### Stored data
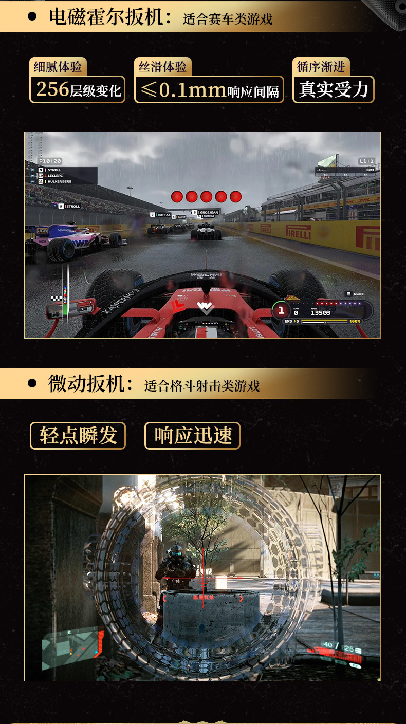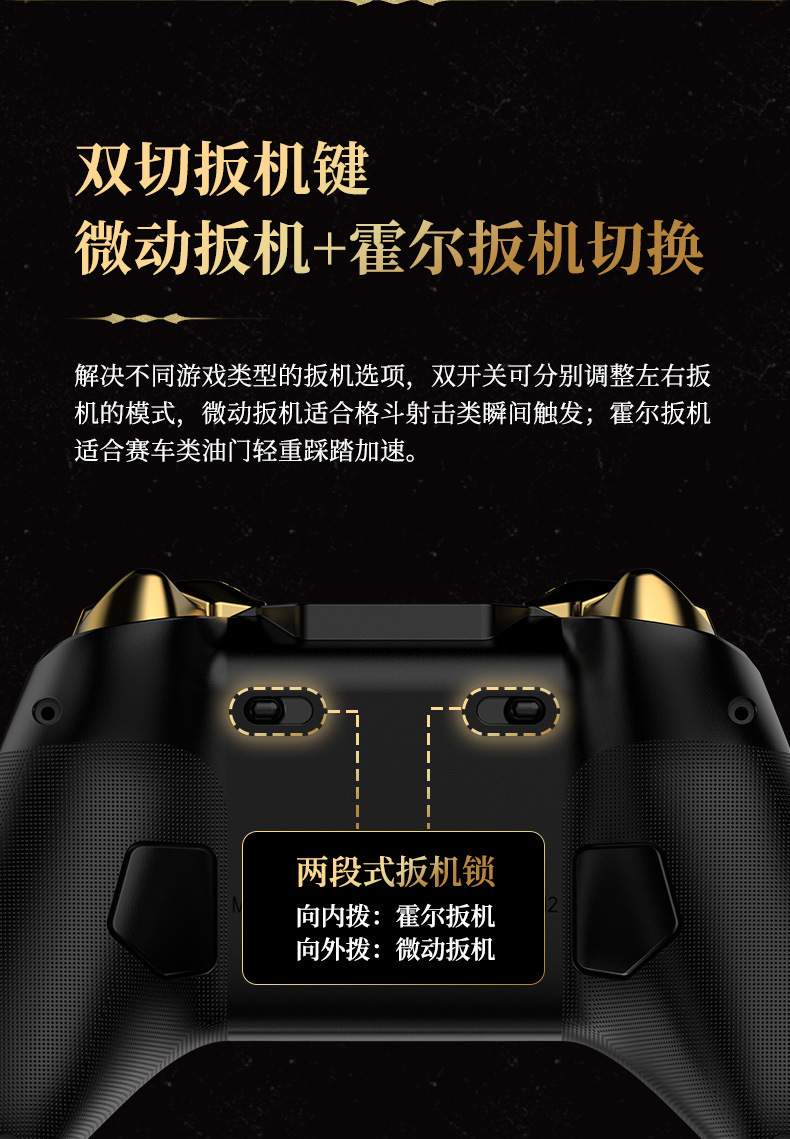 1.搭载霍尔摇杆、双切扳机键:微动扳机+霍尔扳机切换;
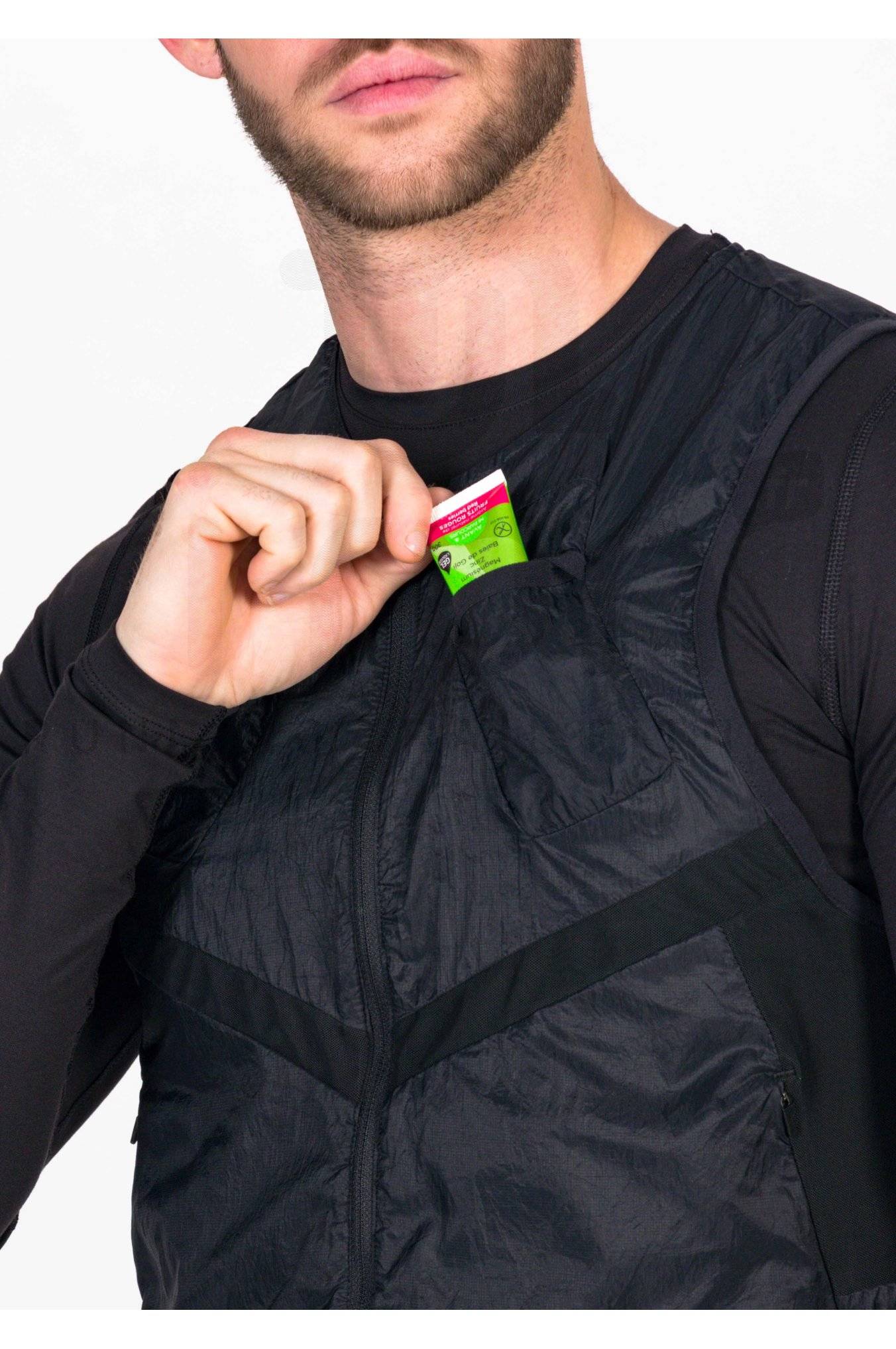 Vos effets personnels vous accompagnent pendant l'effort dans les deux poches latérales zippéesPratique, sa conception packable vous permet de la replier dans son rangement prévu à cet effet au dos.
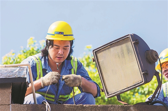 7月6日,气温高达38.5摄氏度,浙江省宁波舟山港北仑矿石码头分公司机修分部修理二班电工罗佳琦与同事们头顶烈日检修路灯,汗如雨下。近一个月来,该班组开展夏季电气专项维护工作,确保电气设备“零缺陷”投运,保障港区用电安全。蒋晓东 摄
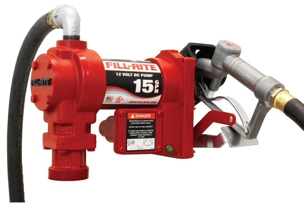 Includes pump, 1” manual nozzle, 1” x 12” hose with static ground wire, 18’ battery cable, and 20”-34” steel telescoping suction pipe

### Work item
Your reply should hold every line of the material, unaltered, and not one picture.

### Exercise result
 1.搭载霍尔摇杆、双切扳机键:微动扳机+霍尔扳机切换;
 Vos effets personnels vous accompagnent pendant l'effort dans les deux poches latérales zippéesPratique, sa conception packable vous permet de la replier dans son rangement prévu à cet effet au dos.
 7月6日,气温高达38.5摄氏度,浙江省宁波舟山港北仑矿石码头分公司机修分部修理二班电工罗佳琦与同事们头顶烈日检修路灯,汗如雨下。近一个月来,该班组开展夏季电气专项维护工作,确保电气设备“零缺陷”投运,保障港区用电安全。蒋晓东 摄
 Includes pump, 1” manual nozzle, 1” x 12” hose with static ground wire, 18’ battery cable, and 20”-34” steel telescoping suction pipe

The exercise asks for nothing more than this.